More importantly, the admin level affects the scale or zoom level at which the boundary appears. In Rand McNally’s Quick Reference World Atlas (rev. 2000) and Goode’s World Atlas (22nd ed., 2010), there isn’t enough detail to warrant more than two levels of boundaries. Notice how they gloss over the various regional distinctions between different kinds of boundaries. Whether it’s a state, province, etc., what they intend to show is a second-order boundary. Imagine a map that only shows third-order boundaries – should it show San Francisco’s boundary?

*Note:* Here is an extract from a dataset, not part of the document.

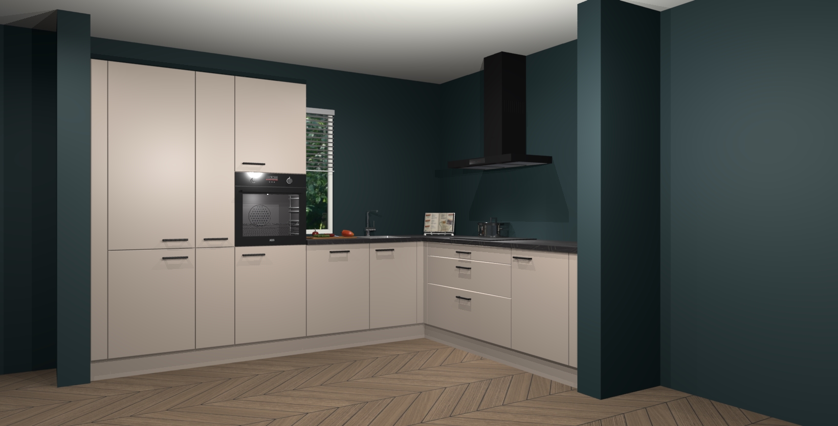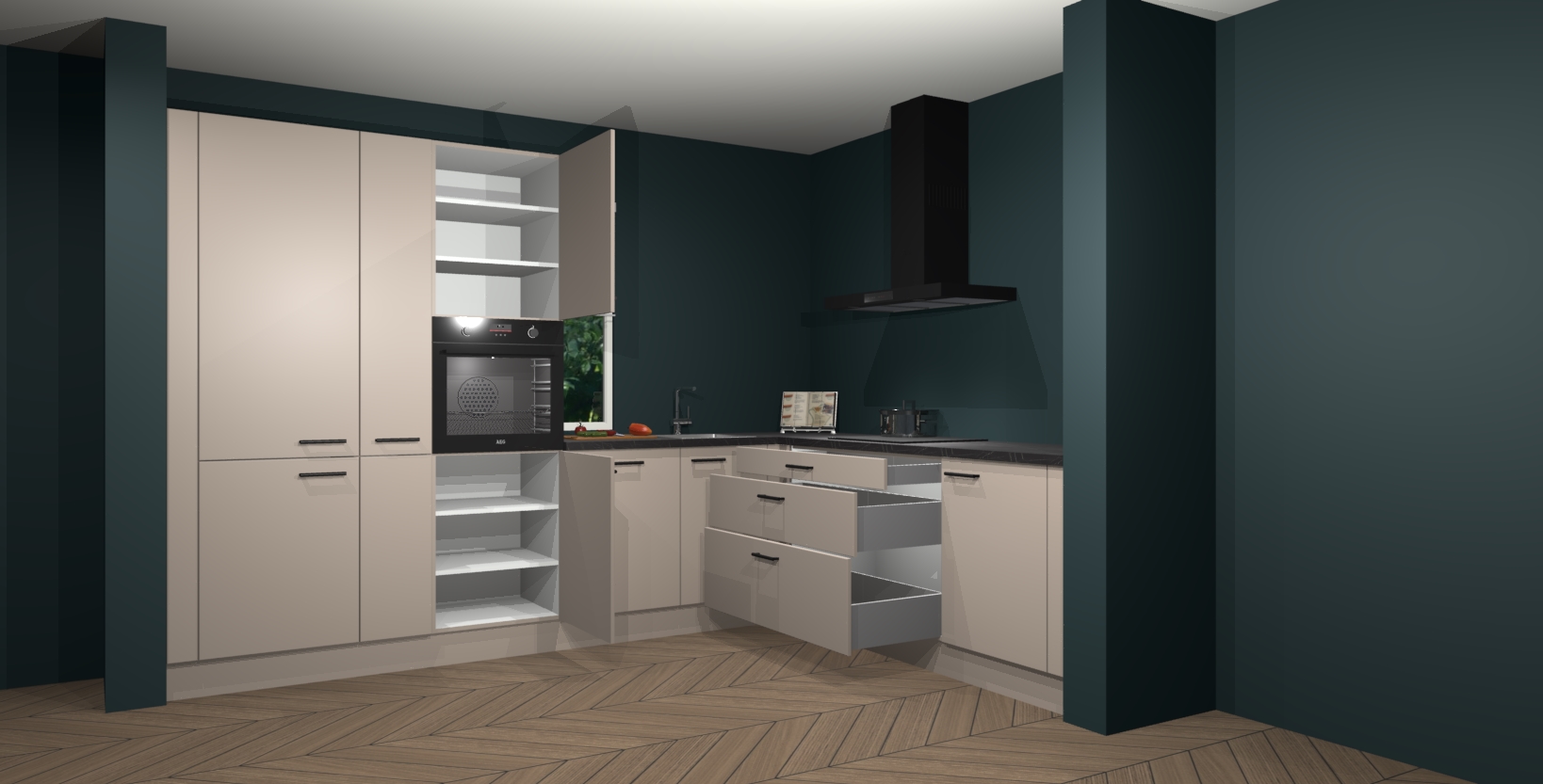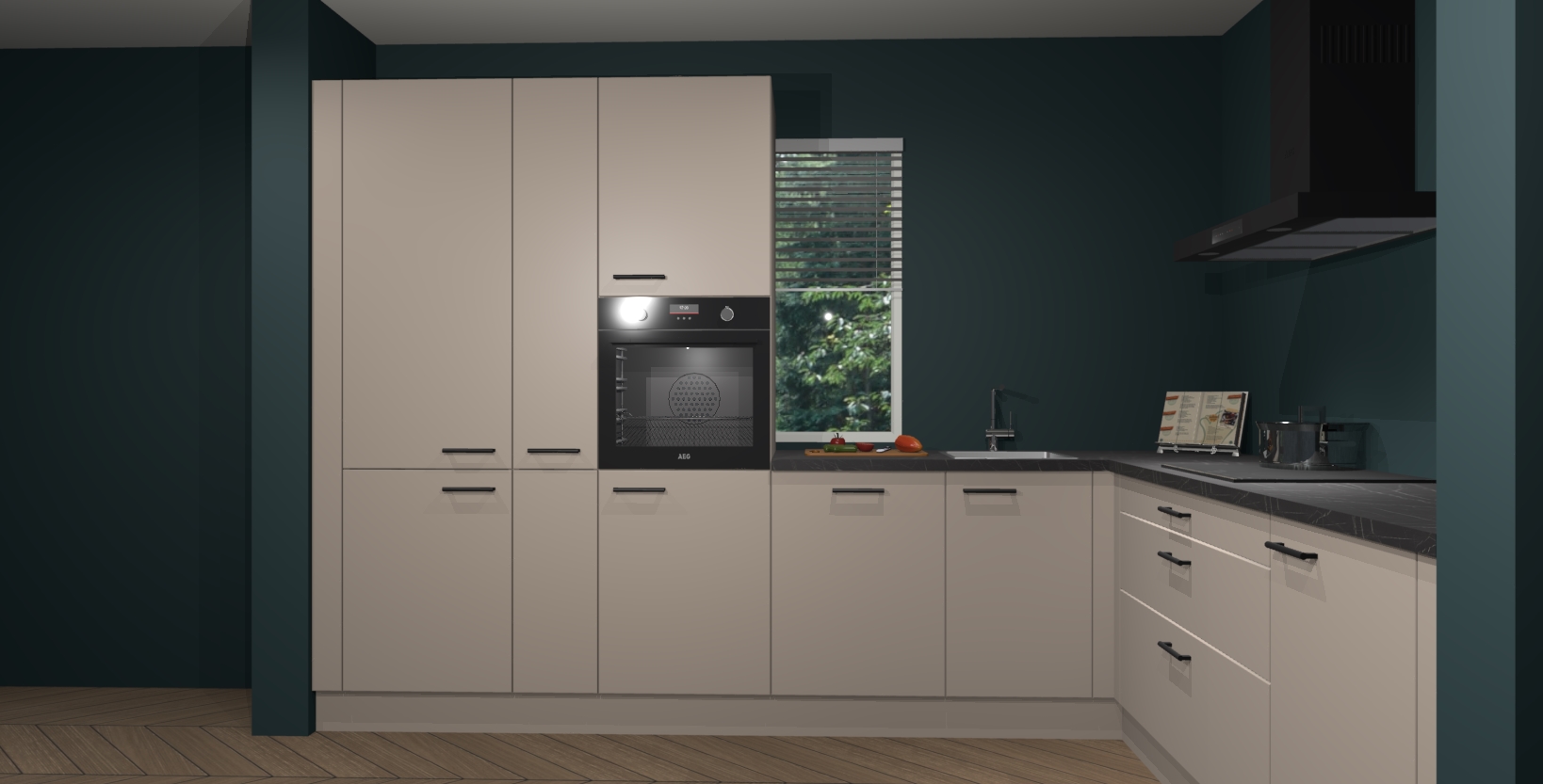 Met een modern, tijdloos design en ruime opslagruimte, zult u zich in no-time thuis voelen in uw nieuwe keuken. Uw leven wordt eenvoudiger met de soft-close deuren die voor het ultieme stille comfort zorgen - geen geluid dat u stoort terwijl u kookt. Ook is de keuken voorzien van 5 ingebouwde apparaten: een oven, inductie kookplaat, afzuigkap, vaatwasser en koelkast. Deze kunnen gemakkelijk na bestelling worden bijgewerkt naar AEG - waardoor uw luxe ervaring compleet is.

As a rule of thumb, we should use the minimum applicable value numerically. As you zoom in, the map continues to show the lower-order boundaries while progressively adding higher orders. If you choose too high an admin level for San Francisco, the border around the Farallons won’t appear until too late. If you choose a lower admin level for San Francisco, it’ll stick around even as you zoom in.

What happens when a boundary line happens to be both an international boundary and a second-order boundary? Of course, the map depicts only the international boundary, ignoring the second-order boundary, except perhaps as an edge label. Any map will show the boundary of San Francisco as a county boundary on every side, even if it still acknowledges San Francisco County by force of habit.

Regardless of the use case, admin_level=* is how we tag the order of a boundary, answering the question: “What does it subdivide?” San Francisco and the neighboring counties all subdivide California.


Earlier, I mentioned that in Ohio we do keep withdrawn cities and villages at level 8 rather than promoting them to level 7 alongside the townships they withdrew from. This is not only because of the convenience of keeping all the cities and villages at the same level. By leaving a gap at level 7, we’re saying that there’s something there – the paper township – but we choose not to map it.

This is the approach we’d take with San Francisco if we were to determine that San Francisco County does exist, but it’s too obscure to map. We’d take this approach with New Orleans if we were to come to the conclusion that Orleans Parish is too obscure to map. But as it is, those parish limit signs aren’t the only way motorists come into contact with Orleans Parish as they make their way to New Orleans.

1 Like

I am curious whether by this logic, if we would promote Washington (of Washington, D.C. fame) to admin_level=6. After all, it is the sole division of the admin_level=4 District of Columbia.